I totally forgot All Walls Must Fall, which is set in a cyberpunk alternate timeline where Berlin is still divided and the Cold War never ended. It’s got all the historical accuracy of Command & Conquer: Red Alert and a stripped-down gameplay borrowed from XCOM, but, like, crossed with Tresor and rhythm-synced to a rave-y beat a la Rez.

I guess I should go rescue it from mixed reviews. My tax money helped pay for it. This is what’s great about Steam sales, of course – people who love oddball experiences can ignore those down reviews and try something different, even something that’s ambitious and half-fails.

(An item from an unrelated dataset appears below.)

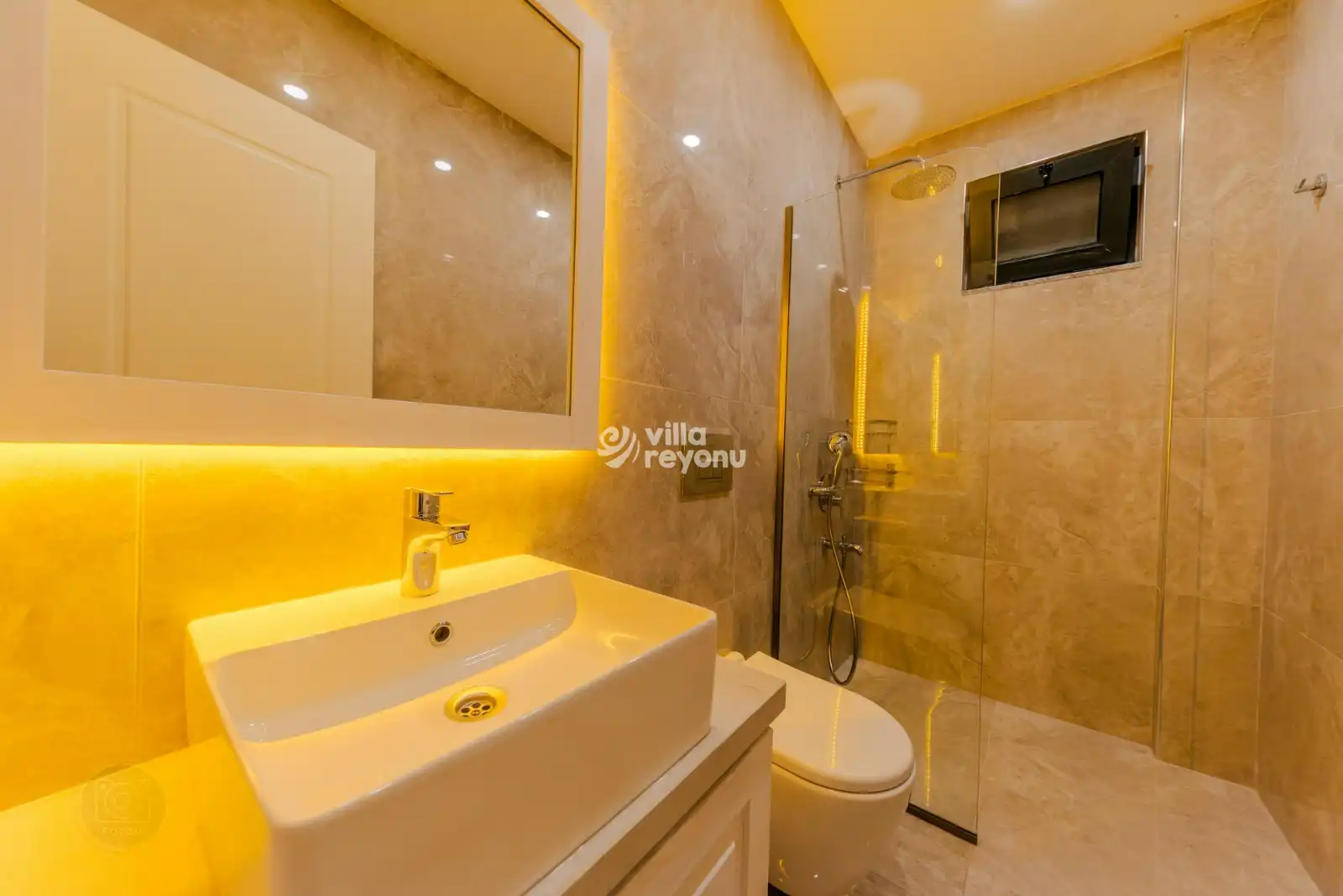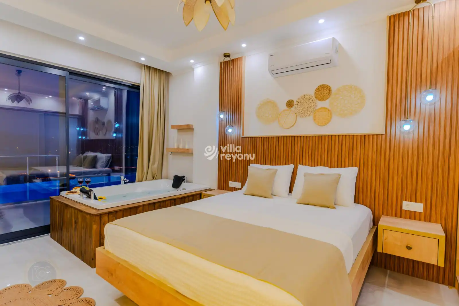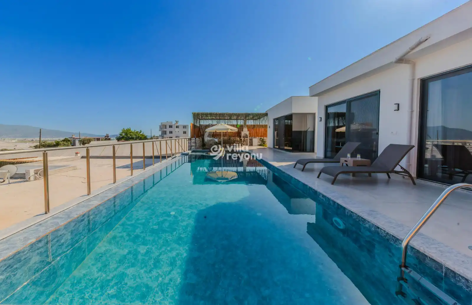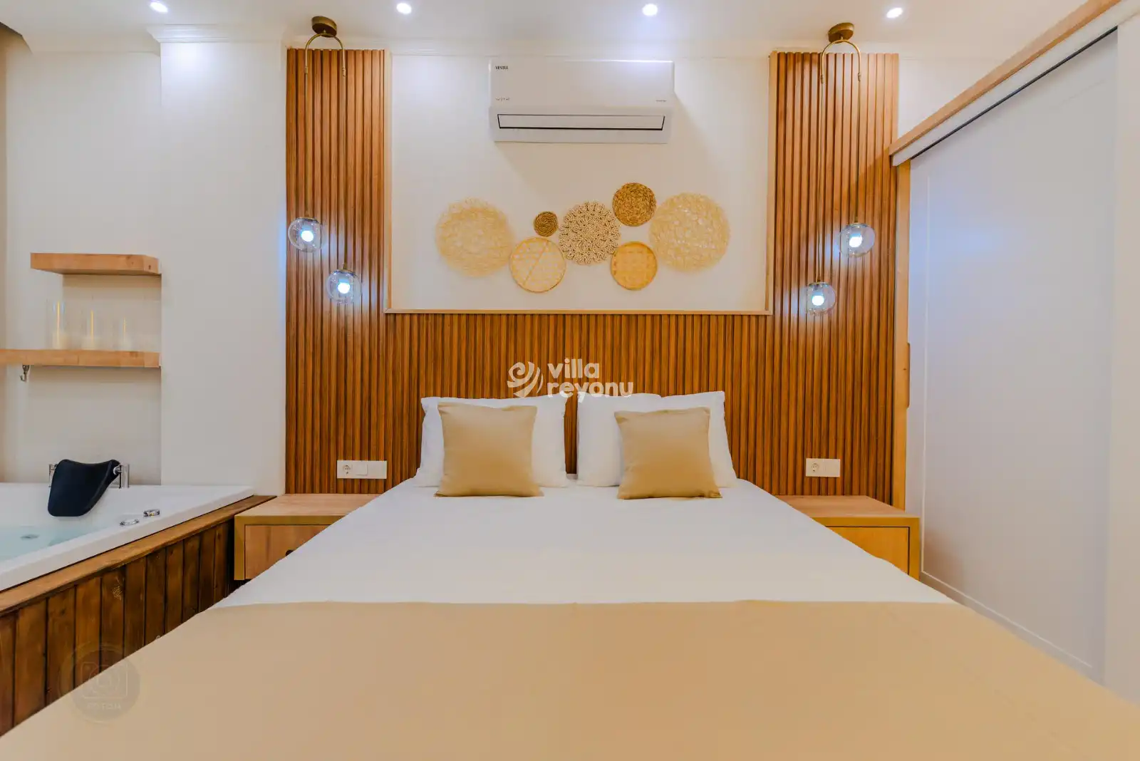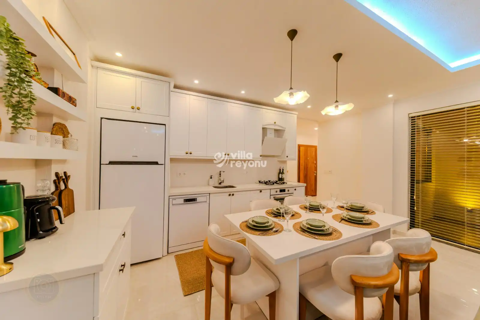 Modern ve zarif iç tasarımıyla dikkat çeken villada, iki adet çift kişilik yatak bulunan yatak odası ve üç banyo mevcuttur. Jakuzi ve yüksek kaliteli donanımlar, konaklamanızı daha da özel ve rahat hale getirir.

https://store.steampowered.com/app/628290/All_Walls_Must_Fall__A_TechNoir_Tactics_Game/

Speaking of REZ, another reader points to Tetsuya Mizuguchi’s titles, including Rez Infinite and Lumines. They’re also on sale and include the ability to use a second controller as a vibrator as you play, which is cool.

Oh and see this synesthesia lounge from Tetsuya-san.

Now I think I still have the Dreamcast version of Rez…

https://youtu.be/YZL4Cbt-knk

Honorable Mentions

Cloudpunk is a fascinating title that skips all this overblown cyberpunk stuff to just let you focus on flying around like you’re in Blade Runner. Sonic Mania for five bucks deserves special mention because Naofumi Hataya and Tee Lopes nailed the chip music feel of the original Sonic games, while bringing them into our century.

Composer Darren Korb also continues on a roll, but let’s point out specifically that the excellent Transistor Roguelike – from the same creator as the ultra-hyped Hades is like a couple of bucks. You can’t not get it at that price, which is what makes the sale so much fun.

I don’t know your tastes, but the moody chilled melancholy of the score is one of my favorites. 85% off, wow.

Plus, the games I mentioned earlier this year are also on sale. Let’s talk about VirtuaVerse. Oh, it’s brilliant. (Broken Reality is barely a game in comparison to Paradise Killer, but it also has a psychotic weirdo vaporwave soundtrack.)

https://cdm.link/2020/07/indie-games-a-warped-mirror-to-our-online-dystopias/

There’s still time left, so what did I miss?

Also. Steam. Thanks for the Steam Points, but seriously… no thanks.

Steam Points: My friends all got a new GPU and a copy of Cyberpunk 2077, and I got… this bird.